_ABOUT THIS TASK_
Could you transcribe every record below exactly as written, excluding the pictures?

[Collected data entries]

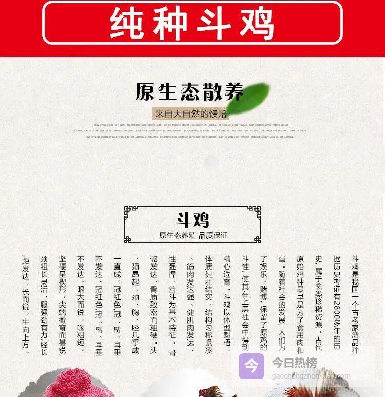 毛色只是第一印象,真正决定胜负的是血缘——也就是“窝份”。选种时,至少要追溯2—3代族谱,确认斗性顽强、越打越狠,且遗传稳定。只有纯度高的家系,才能一代代“复制”出打不垮的斗鸡。
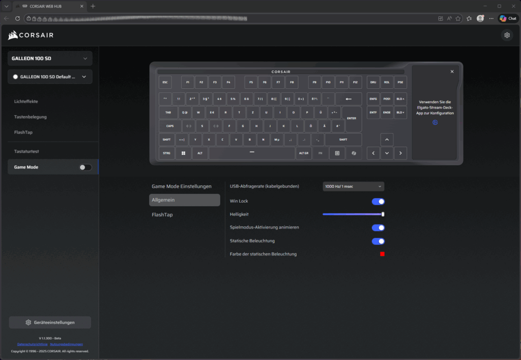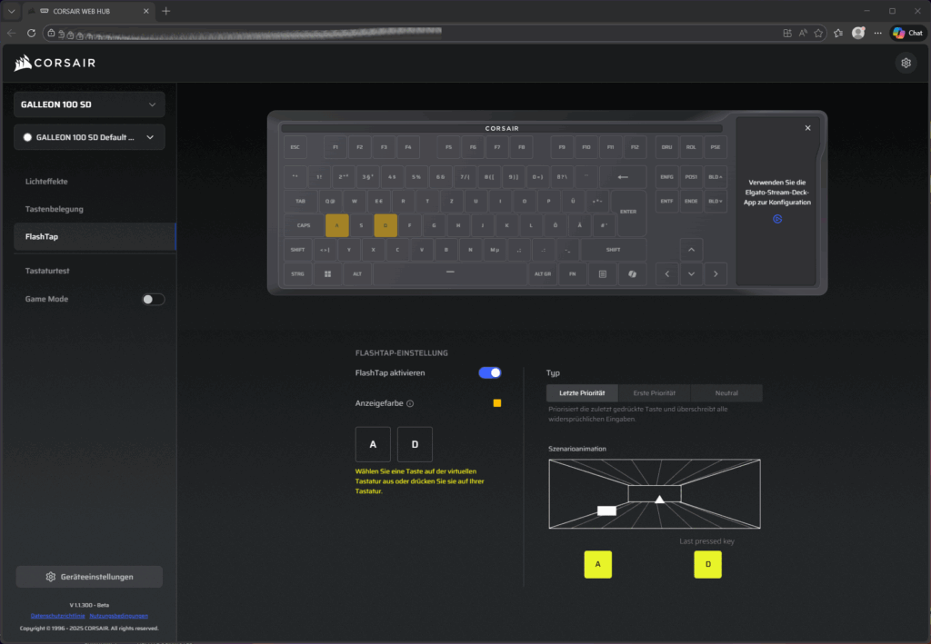 Die Tastatur unterstützt eine Polling rate von bis zu 8000Hz und unterstützt auch wieder die FlashTap Funktion. Separate Mediatasten gibt es wie bei den letzten getesteten Corsair Tastaturen als Zweitbelegung oder alternativ auch im Stream Deck.
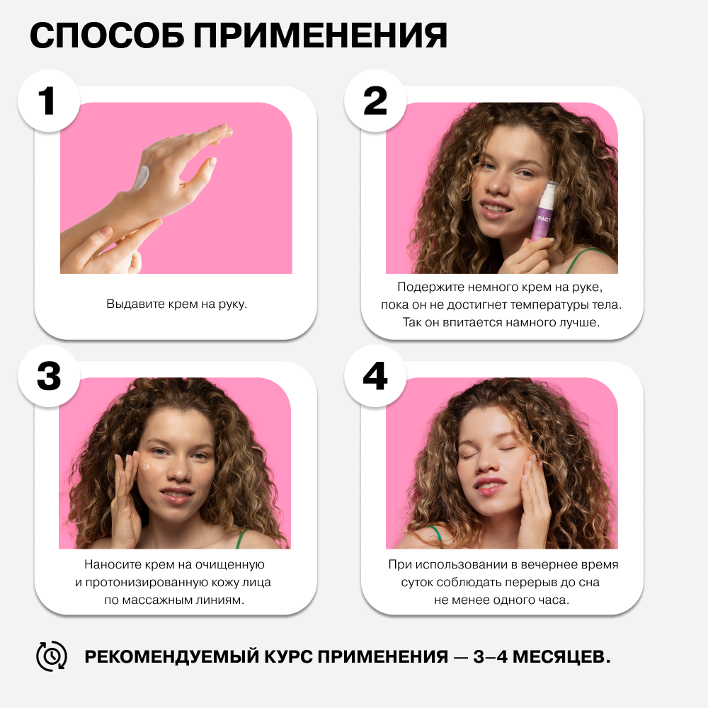 | Способ применения | наносить на очищенную, протонизированную кожу утром и/или вечером. Курс применения 3–4 месяца |
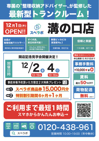 【12月1日(木)オープン】見学から契約、解約まで完全非接触・非対面、お申し込みからご利用まで最短1時間!都内、大阪などにて絶賛運営中のトランクルーム【スペラボ】が溝の口駅近くに出店!
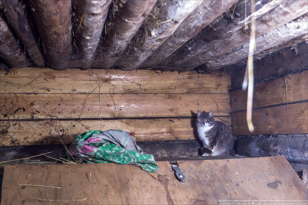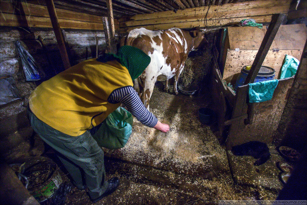 Коровник рядом с домом, два раза в день Людмила приходит доить корову, прибраться, положить еды и прочее, что там полагается корове из удобств.
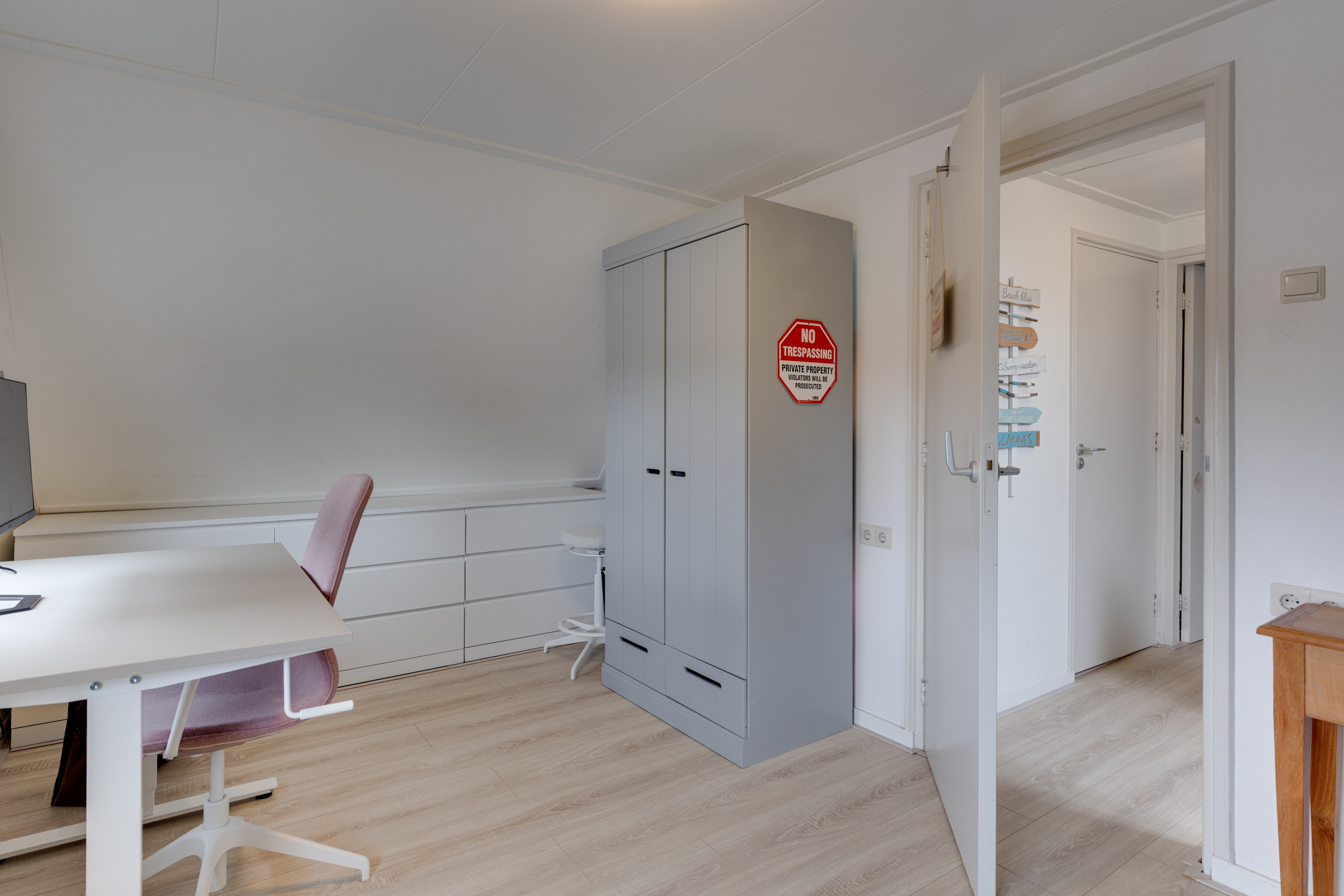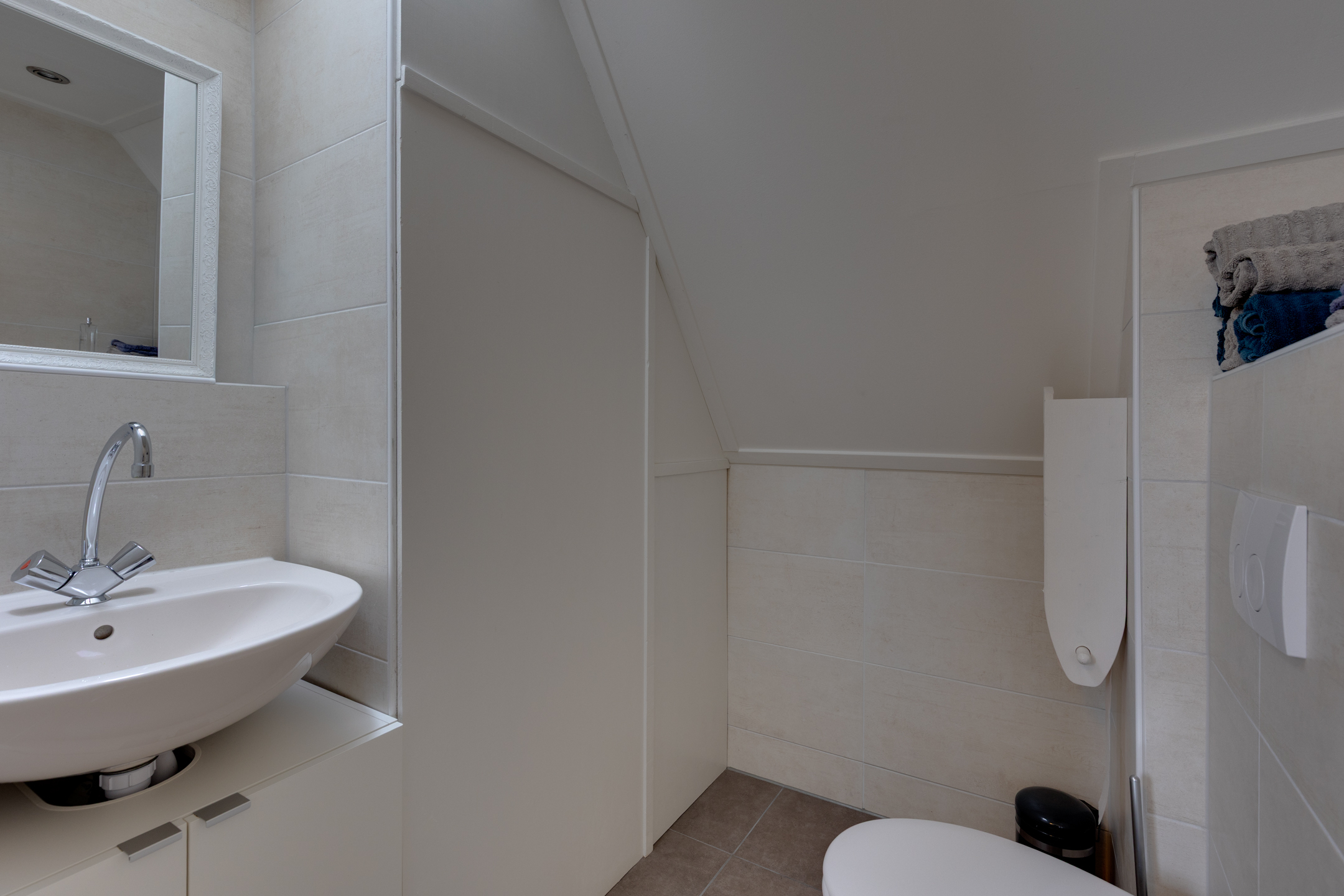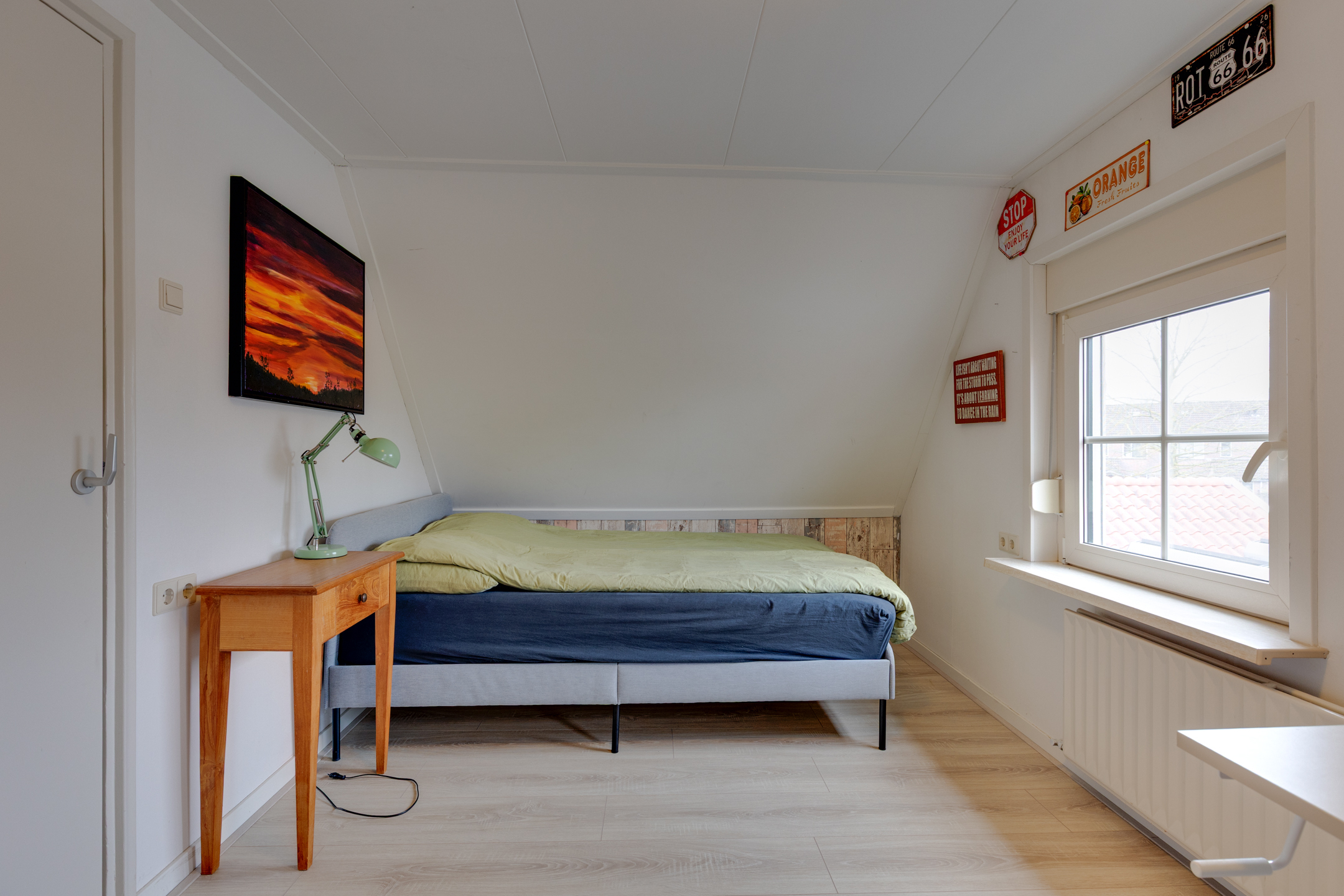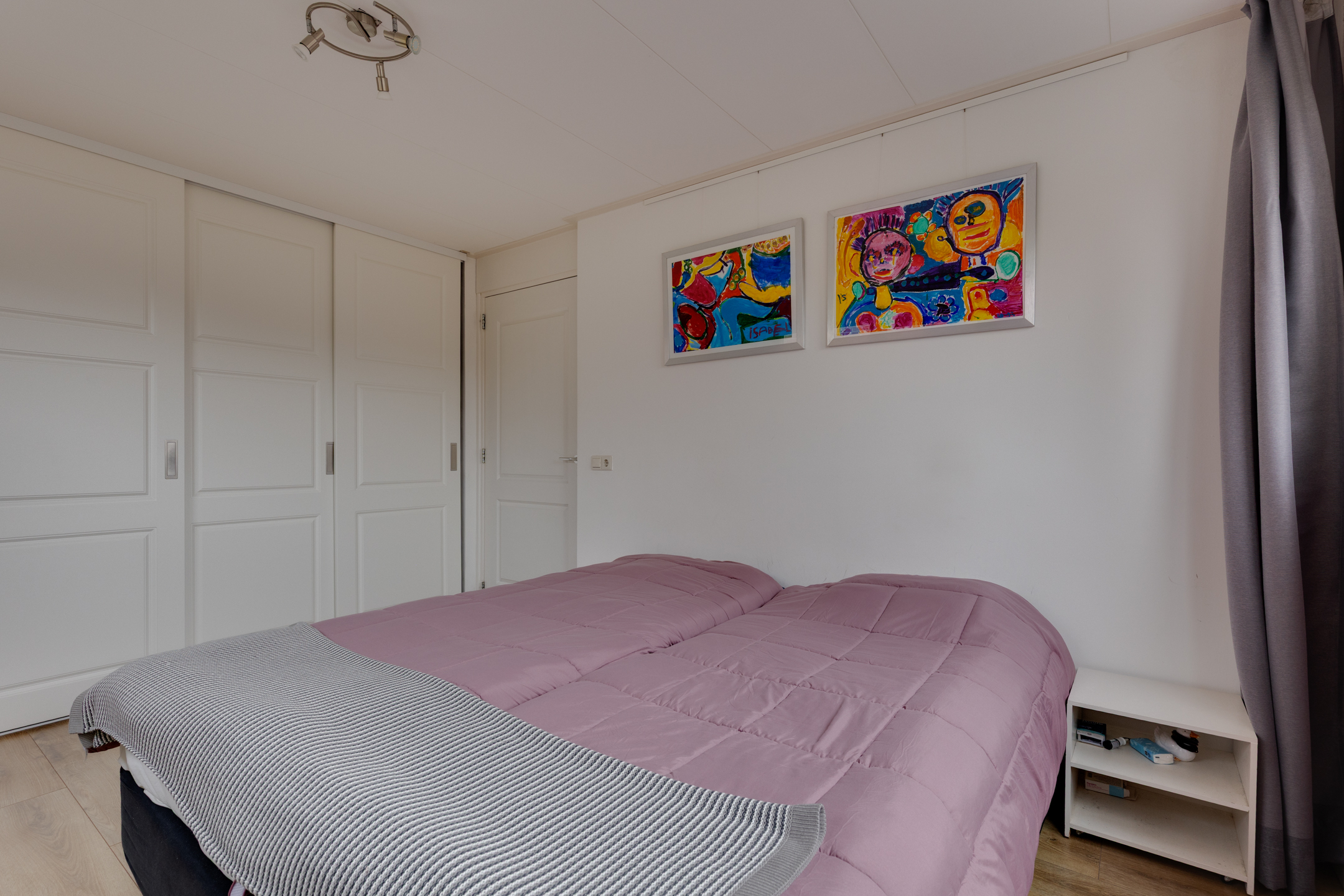Drie volwaardige slaapkamers op de eerste verdieping, waarvan één met inbouwkasten. Via de vlizotrap bereik je de vliering met nog meer praktische opbergruimte.
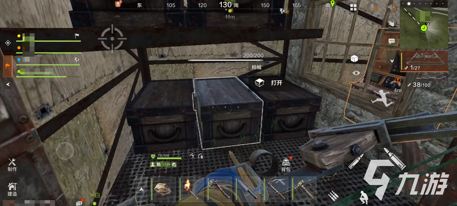 打好工具和生存基础后,别急着建大基地,现阶段应优先搜刮小型物资刷新点,如废弃超市、加油站等位置,这些地方会刷新食物、绷带等高级资源,是提升存活能力的重要据点。当背包资源攒得差不多了,务必抓紧造临时庇护所,结构不要太复杂,放几个箱子、领地柜、熔炉就够了。这样既能储存资源解锁科技,也不至于投入太多。

_EXERCISE RESULT_
 毛色只是第一印象,真正决定胜负的是血缘——也就是“窝份”。选种时,至少要追溯2—3代族谱,确认斗性顽强、越打越狠,且遗传稳定。只有纯度高的家系,才能一代代“复制”出打不垮的斗鸡。
 Die Tastatur unterstützt eine Polling rate von bis zu 8000Hz und unterstützt auch wieder die FlashTap Funktion. Separate Mediatasten gibt es wie bei den letzten getesteten Corsair Tastaturen als Zweitbelegung oder alternativ auch im Stream Deck.
 | Способ применения | наносить на очищенную, протонизированную кожу утром и/или вечером. Курс применения 3–4 месяца |
 【12月1日(木)オープン】見学から契約、解約まで完全非接触・非対面、お申し込みからご利用まで最短1時間!都内、大阪などにて絶賛運営中のトランクルーム【スペラボ】が溝の口駅近くに出店!
 Коровник рядом с домом, два раза в день Людмила приходит доить корову, прибраться, положить еды и прочее, что там полагается корове из удобств.
Drie volwaardige slaapkamers op de eerste verdieping, waarvan één met inbouwkasten. Via de vlizotrap bereik je de vliering met nog meer praktische opbergruimte.
 打好工具和生存基础后,别急着建大基地,现阶段应优先搜刮小型物资刷新点,如废弃超市、加油站等位置,这些地方会刷新食物、绷带等高级资源,是提升存活能力的重要据点。当背包资源攒得差不多了,务必抓紧造临时庇护所,结构不要太复杂,放几个箱子、领地柜、熔炉就够了。这样既能储存资源解锁科技,也不至于投入太多。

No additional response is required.